> **The problem**
I would like the lines below, from the one with "天城千寿子さんの外運は21画の5点!" through the one with "雪も全部溶けてしまって、あれ", copied exactly and without any pictures.

> **Supplied entries**
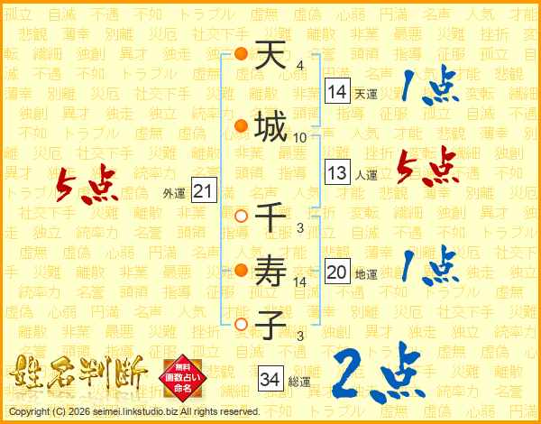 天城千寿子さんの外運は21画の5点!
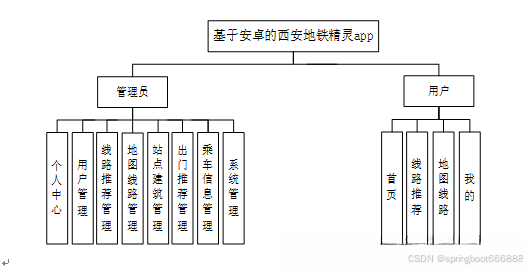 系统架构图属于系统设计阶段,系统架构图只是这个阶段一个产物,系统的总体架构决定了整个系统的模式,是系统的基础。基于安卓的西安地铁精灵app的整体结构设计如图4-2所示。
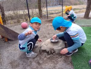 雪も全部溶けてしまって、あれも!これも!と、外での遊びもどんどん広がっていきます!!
--
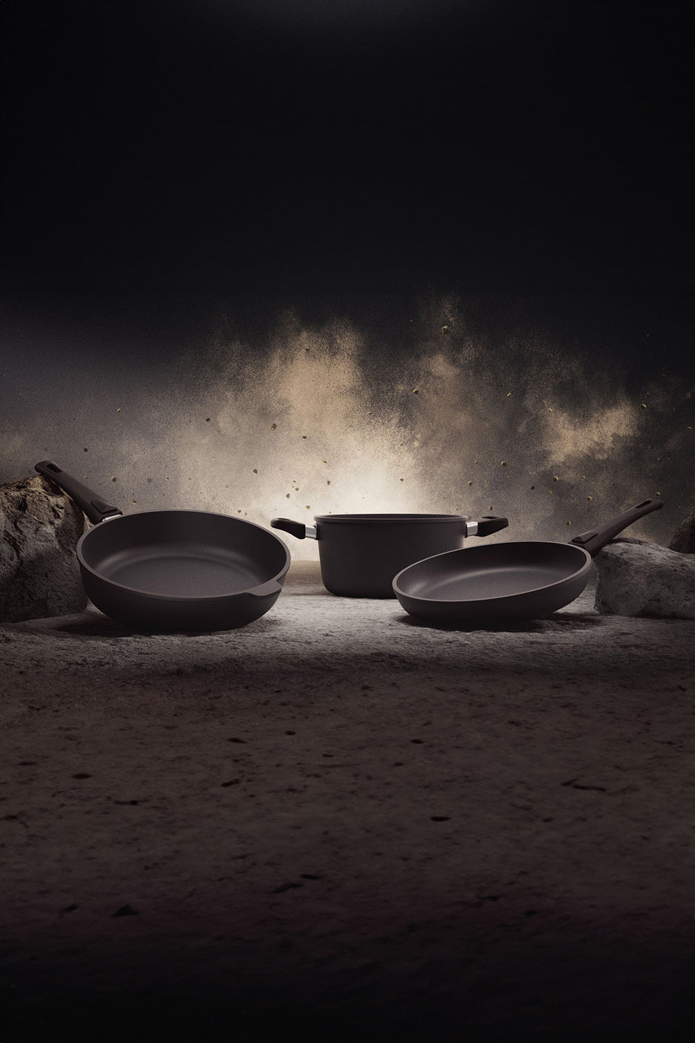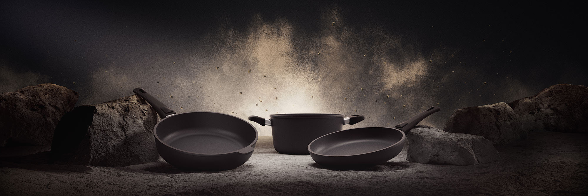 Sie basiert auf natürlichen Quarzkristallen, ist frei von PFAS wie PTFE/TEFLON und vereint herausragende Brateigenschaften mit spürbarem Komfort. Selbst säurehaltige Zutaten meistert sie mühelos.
...
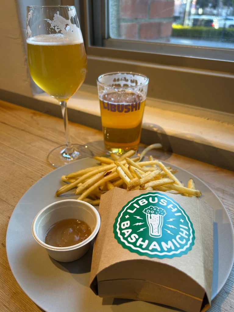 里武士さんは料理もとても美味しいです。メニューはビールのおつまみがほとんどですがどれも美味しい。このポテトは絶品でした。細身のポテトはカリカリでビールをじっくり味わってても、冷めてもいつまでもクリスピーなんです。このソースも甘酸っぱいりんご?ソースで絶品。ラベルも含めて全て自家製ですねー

> **Task answer**
 天城千寿子さんの外運は21画の5点!
 系统架构图属于系统设计阶段,系统架构图只是这个阶段一个产物,系统的总体架构决定了整个系统的模式,是系统的基础。基于安卓的西安地铁精灵app的整体结构设计如图4-2所示。
 雪も全部溶けてしまって、あれも!これも!と、外での遊びもどんどん広がっていきます!!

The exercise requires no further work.